• **Records for this task**
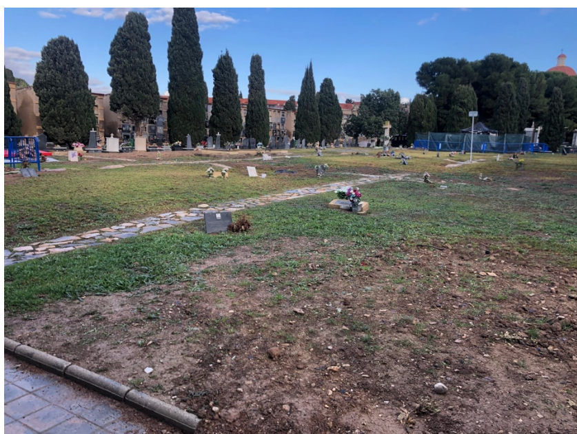
Quadre 12 del Cementiri de la Mare de Déu del Remei.
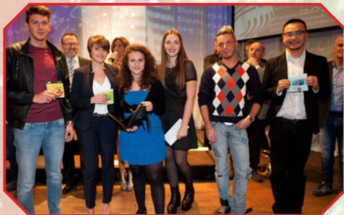
I VINCITORI DELLA GOCCIA D'ORO
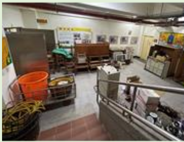
*空間合理運用-報廢物品清運/檔案室文件銷毀
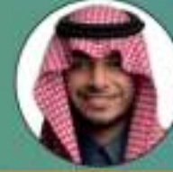
الأمين العام أ. عبدالله بن عبدالله العباس
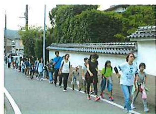
写真II JR線路沿いの道・金比羅院前を歩く。
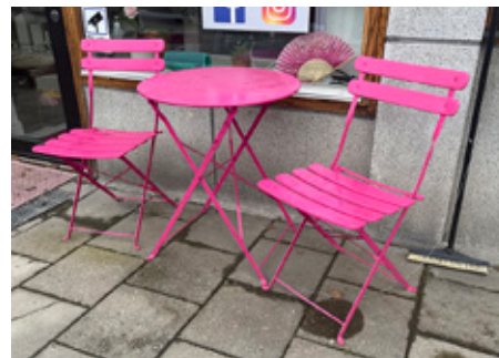
8. Dags att sitta ner och vila igen. Utanför en butik som heter vadå?
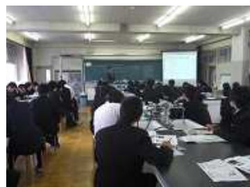
燃える氷-メタンハイドレート-
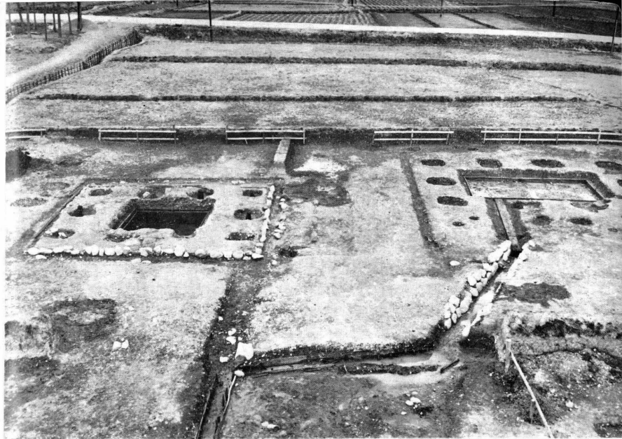
平城宮跡第22次調査北地区 井戸
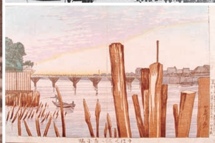
[左] 龍之介の肖像写真(日本近代文学館所蔵)、[右上] 龍之介の遊び場だった回向院の境内に完成した最初の国技館(緑図書館所蔵)、[右下] 龍之介がよく眺めていた両国の百本杭が描かれている、小林清親画「千ぼんくひ両国橋」(すみだ郷土文化資料館所蔵)
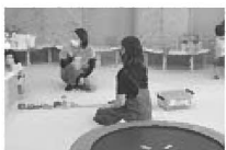
遊びに来たお父さん 達が子どもの話や 家族の話をして楽し く過ごしています。
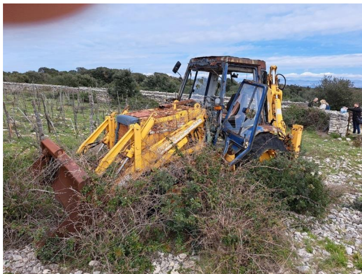
Sl. 51 Bager Poclair 580SK Turbo
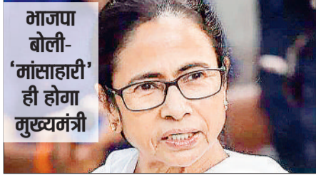
भाजपा बोली- 'मांसाहारी' ही होगा मुख्यमंत्री

ममता बनर्जी अपनी रैलियों में बीजेपी के सत्ता में आने पर खाने पीने की चीजों पर पाबंदी की आशंका जता रही हैं। चुनाव कैम्पेन के दौरान हाल ही में ममता बनर्जी ने अपने समर्थकों से कहा कि बीजेपी पश्चिम बंगाल में सत्ता में आती है, तो वह मछली, मांस और अंडे खाने पर बैन लगा देगी। बीजेपी में रैली में ममता बनर्जी कह रही थीं, ये लोग (बीजेपी वाले) आपको मछली नहीं खाने देंगे... आप अंडा, मीट कुछ नहीं खा पाएंगे और न ही बांग्ला बोल पाएंगे... अगर आपने ऐसा किया तो ये लोग आपको बांग्लादेशी घोषित कर देंगे।
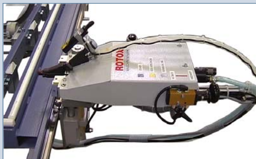
Pojazdná skrutkovacia jednotka
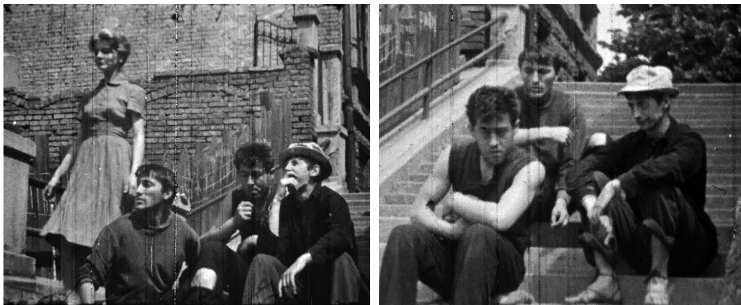
// Кадрови из филма КЛОШАРИ

Филм „КЛОШАРИ“ био је играни и снимљен је током 1961. године, на црно-белој 16 mm филмској траци, по сценарију и у режији Радмила Пејића.
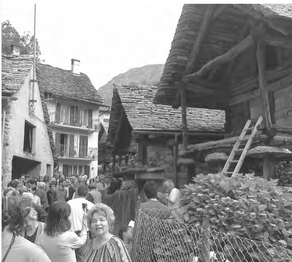
RESTAURO TORBA DI MOGHEGNO, VALLE MAGGIA
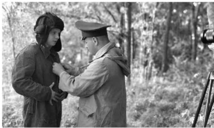
Фото со съёмок фильма «Война и мир лесничего Антипова»

АЛЕКСАНДРА СИДОРОВА
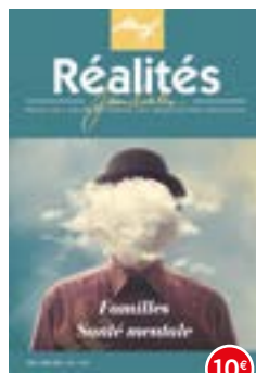
n°120-121 | 2017 Familles & santé mentale
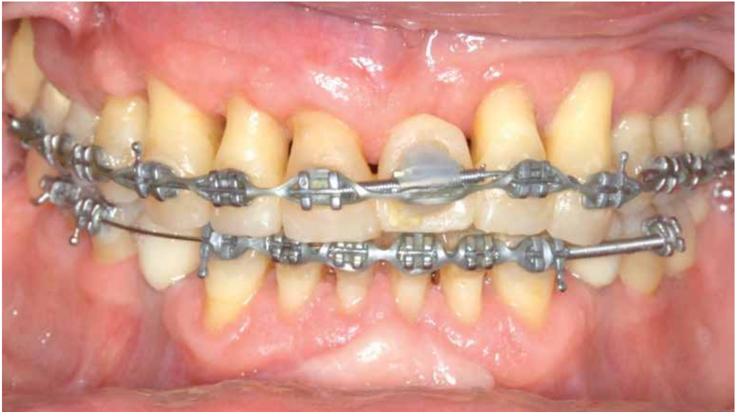
Figura 6. Final del tratamiento de ortodoncia.

El tratamiento de este complejo entramado anatómico y funcional requiere un abordaje interdisciplinar, comenzando por un tratamiento periodontal completo para eliminar la infección y la inflamación de los tejidos periodontales, y corregir los posibles defectos óseos localizados, seguido de la terapia ortodóntica y terminando con la restauración de la dentición perdida mediante la colocación de implantes dentales y/o restauraciones protodónticas [Figura 6]. En ciertas situaciones en las que exista una recesión localizada, se puede considerar la aplicación de técnicas mucogingivales de recubrimiento radicular previas al tratamiento ortodóntico.
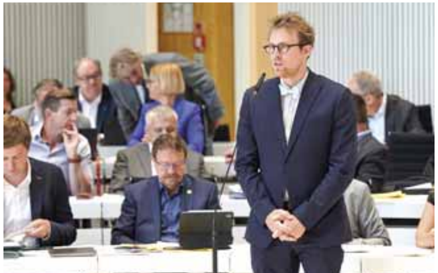
Hannes Damm (BÜNDNIS 90/DIE GRÜNEN)
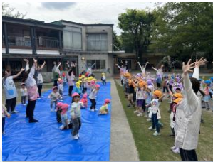
『年少組 体操見学』 少しずつ一緒に体操する子が増えてきました ✨
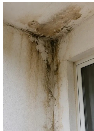
Photo #6. Območje poškodb zaradi vode identificirano in zabeleženo
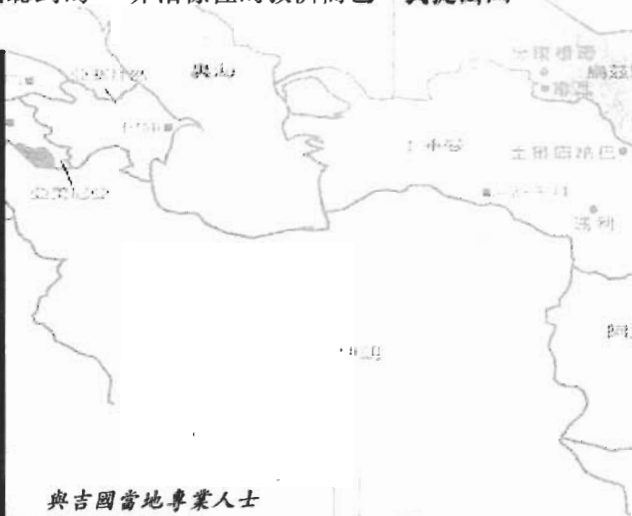
與吉國當地專業人士
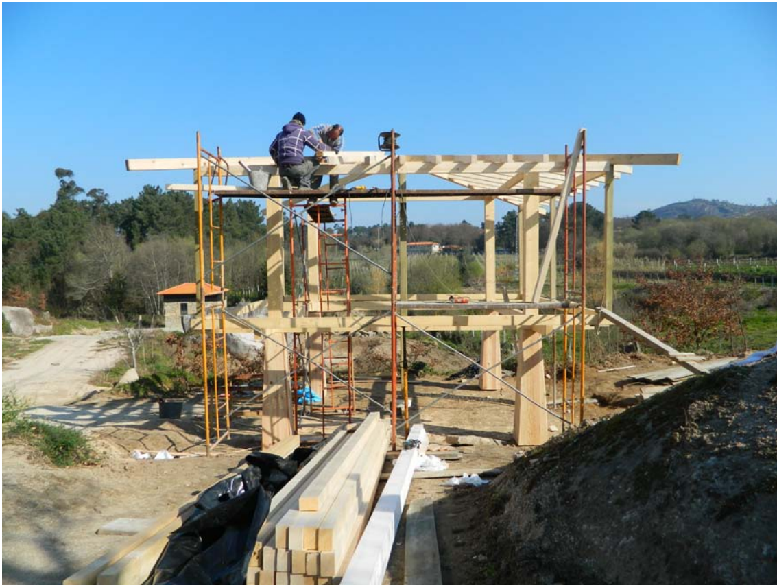
01-03-2013 Evolução da implantação altimétrica do Alojamento Lago

Continuação da construção do alojamento lago sendo que no momento a evolução se concentra na zona da cobertura e finalização da esquadria global do elemento.
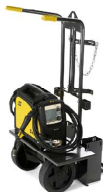
Vozík – pro snadnou přepravu zdroje Caddy® Mig a plynové lahve.
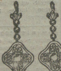
Núm. 10.—8 brillantes y diamantes.
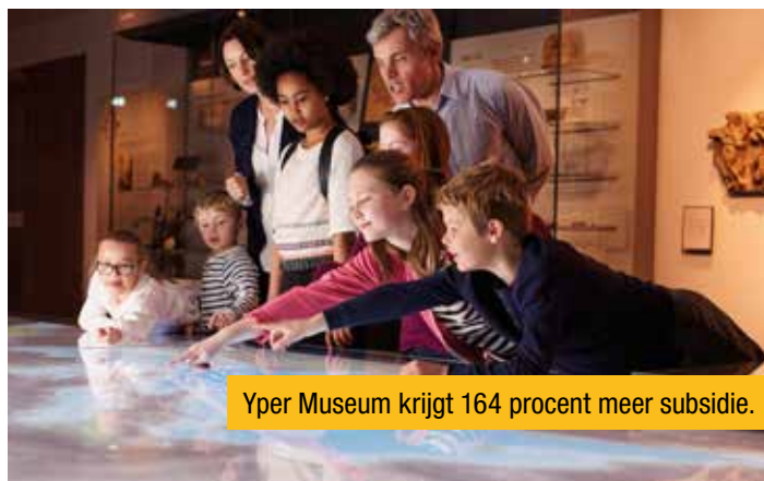
Yper Museum krijgt 164 procent meer subsidie.

De subsidies voor het In Flanders Fields Museum stijgen met 47 procent. Qua bezoekers vertoonde het In Flanders Fields Museum de sterkste stijging. Maar liefst 168.054 mensen bezochten vorig jaar het museum. Dat is een stijging met 25,5 procent in vergelijking met 2022. Daarmee bevestigt het In Flanders Fields Museum zijn rol als hét startpunt voor een bezoek aan de Stad Ieper en de streek in het kader van de Eerste Wereldoorlog.

• **Work required**
Above are some records. Output exactly the lines from the one that contains "01-03-2013 Evolução da" to the one that contains "Yper Museum krijgt 164 procent meer subsidie.", keeping both, and omit the pictures.

• **Finished task**
01-03-2013 Evolução da implantação altimétrica do Alojamento Lago

Continuação da construção do alojamento lago sendo que no momento a evolução se concentra na zona da cobertura e finalização da esquadria global do elemento.
Vozík – pro snadnou přepravu zdroje Caddy® Mig a plynové lahve.
Núm. 10.—8 brillantes y diamantes.
Yper Museum krijgt 164 procent meer subsidie.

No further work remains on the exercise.